— EXERCISE DESCRIPTION —
Return exactly, please, the lines from the one containing "LAMAX InstaKid2 Play" to the last line of the entries below, and nothing else, leaving pictures out.

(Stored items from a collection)
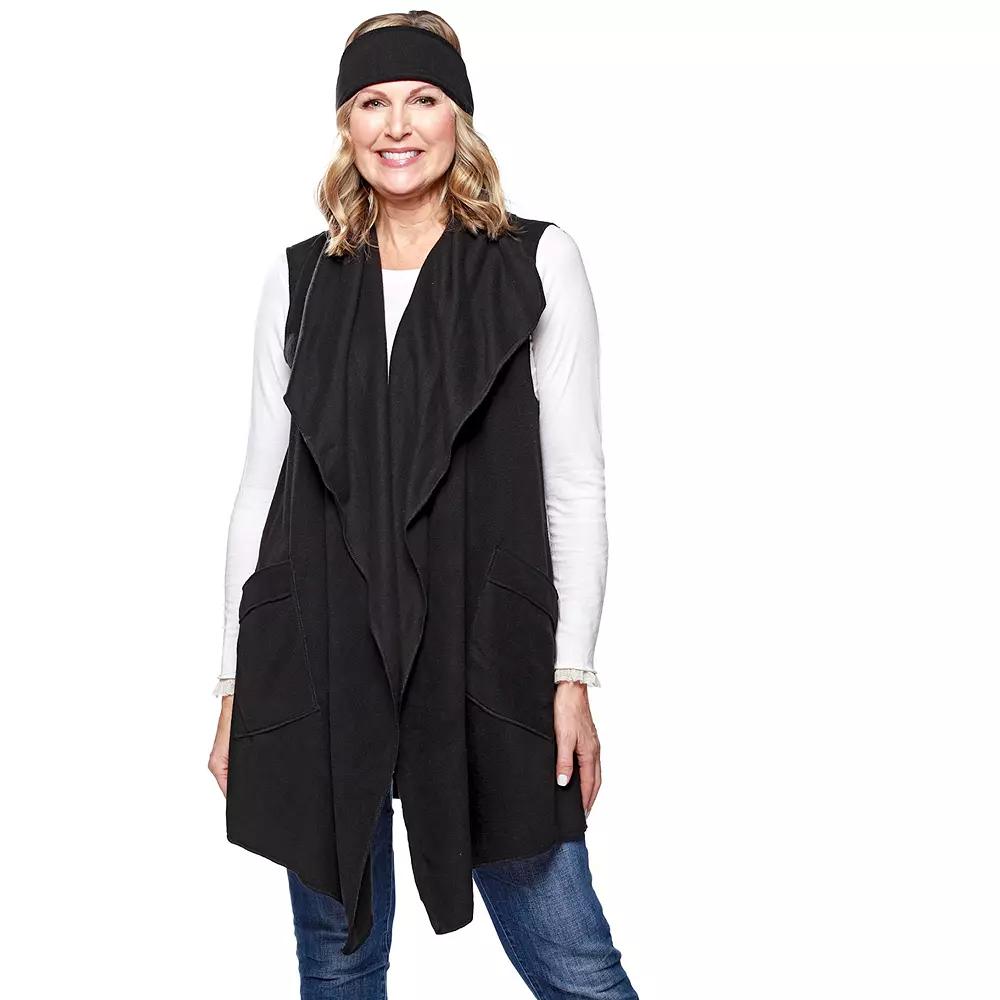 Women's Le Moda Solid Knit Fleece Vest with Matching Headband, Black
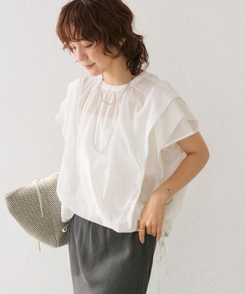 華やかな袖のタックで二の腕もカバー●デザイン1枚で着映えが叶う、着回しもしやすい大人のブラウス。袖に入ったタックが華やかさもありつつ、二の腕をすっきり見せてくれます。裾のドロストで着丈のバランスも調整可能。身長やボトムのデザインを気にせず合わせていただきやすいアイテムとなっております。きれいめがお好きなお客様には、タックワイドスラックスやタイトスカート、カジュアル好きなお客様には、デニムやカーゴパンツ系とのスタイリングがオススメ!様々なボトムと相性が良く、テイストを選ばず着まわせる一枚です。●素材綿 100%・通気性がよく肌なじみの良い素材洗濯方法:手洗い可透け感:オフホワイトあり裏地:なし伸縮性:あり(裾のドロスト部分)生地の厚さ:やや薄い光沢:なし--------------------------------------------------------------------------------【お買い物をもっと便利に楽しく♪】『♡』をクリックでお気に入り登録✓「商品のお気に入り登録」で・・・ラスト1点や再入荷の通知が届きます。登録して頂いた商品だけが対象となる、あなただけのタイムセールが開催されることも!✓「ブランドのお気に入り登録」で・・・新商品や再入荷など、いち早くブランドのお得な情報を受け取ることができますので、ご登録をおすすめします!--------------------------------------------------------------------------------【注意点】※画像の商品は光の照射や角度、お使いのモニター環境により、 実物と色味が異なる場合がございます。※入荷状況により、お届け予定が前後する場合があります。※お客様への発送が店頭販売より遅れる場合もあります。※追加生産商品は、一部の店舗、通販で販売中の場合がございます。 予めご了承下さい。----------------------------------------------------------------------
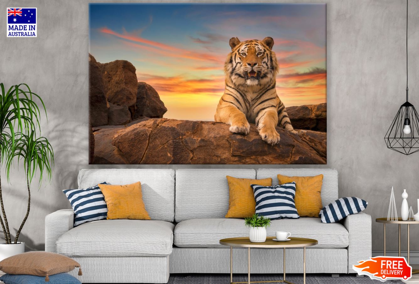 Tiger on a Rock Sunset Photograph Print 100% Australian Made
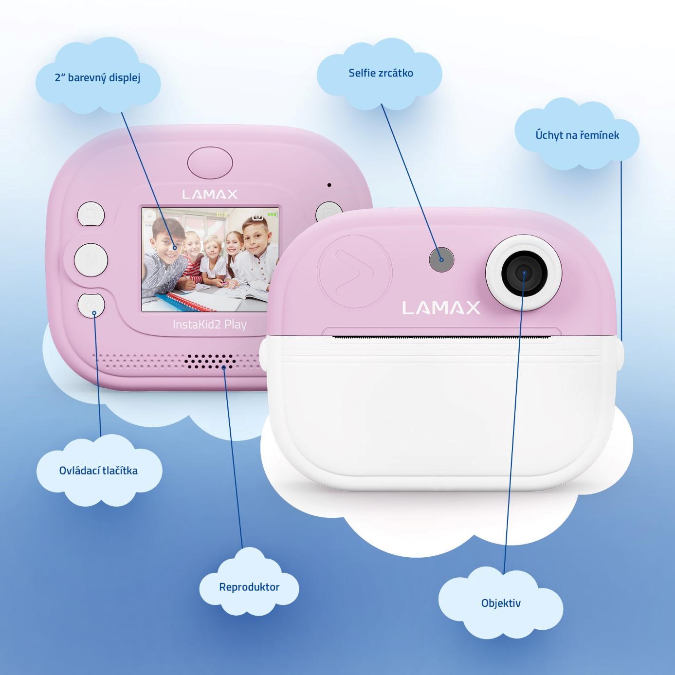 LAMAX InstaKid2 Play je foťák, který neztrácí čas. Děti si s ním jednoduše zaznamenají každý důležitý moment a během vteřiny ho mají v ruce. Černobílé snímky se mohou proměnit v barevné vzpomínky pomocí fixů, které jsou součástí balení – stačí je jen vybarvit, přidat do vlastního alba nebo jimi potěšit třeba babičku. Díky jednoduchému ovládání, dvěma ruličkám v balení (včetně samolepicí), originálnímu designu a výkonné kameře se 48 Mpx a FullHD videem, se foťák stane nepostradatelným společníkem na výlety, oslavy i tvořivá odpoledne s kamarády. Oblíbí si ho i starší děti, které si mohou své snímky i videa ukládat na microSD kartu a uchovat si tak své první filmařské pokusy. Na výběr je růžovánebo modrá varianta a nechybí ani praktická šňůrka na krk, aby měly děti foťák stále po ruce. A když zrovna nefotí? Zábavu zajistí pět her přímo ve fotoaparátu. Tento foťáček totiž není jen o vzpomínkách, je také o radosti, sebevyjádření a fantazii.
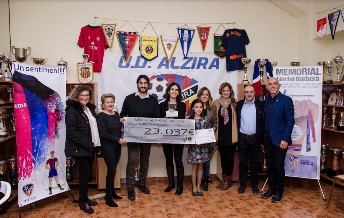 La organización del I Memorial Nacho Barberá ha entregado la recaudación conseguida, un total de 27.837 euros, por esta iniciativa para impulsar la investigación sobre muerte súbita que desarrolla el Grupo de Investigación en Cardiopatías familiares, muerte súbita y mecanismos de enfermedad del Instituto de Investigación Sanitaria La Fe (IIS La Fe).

— RESULT OF THE EXERCISE —
 LAMAX InstaKid2 Play je foťák, který neztrácí čas. Děti si s ním jednoduše zaznamenají každý důležitý moment a během vteřiny ho mají v ruce. Černobílé snímky se mohou proměnit v barevné vzpomínky pomocí fixů, které jsou součástí balení – stačí je jen vybarvit, přidat do vlastního alba nebo jimi potěšit třeba babičku. Díky jednoduchému ovládání, dvěma ruličkám v balení (včetně samolepicí), originálnímu designu a výkonné kameře se 48 Mpx a FullHD videem, se foťák stane nepostradatelným společníkem na výlety, oslavy i tvořivá odpoledne s kamarády. Oblíbí si ho i starší děti, které si mohou své snímky i videa ukládat na microSD kartu a uchovat si tak své první filmařské pokusy. Na výběr je růžovánebo modrá varianta a nechybí ani praktická šňůrka na krk, aby měly děti foťák stále po ruce. A když zrovna nefotí? Zábavu zajistí pět her přímo ve fotoaparátu. Tento foťáček totiž není jen o vzpomínkách, je také o radosti, sebevyjádření a fantazii.
 La organización del I Memorial Nacho Barberá ha entregado la recaudación conseguida, un total de 27.837 euros, por esta iniciativa para impulsar la investigación sobre muerte súbita que desarrolla el Grupo de Investigación en Cardiopatías familiares, muerte súbita y mecanismos de enfermedad del Instituto de Investigación Sanitaria La Fe (IIS La Fe).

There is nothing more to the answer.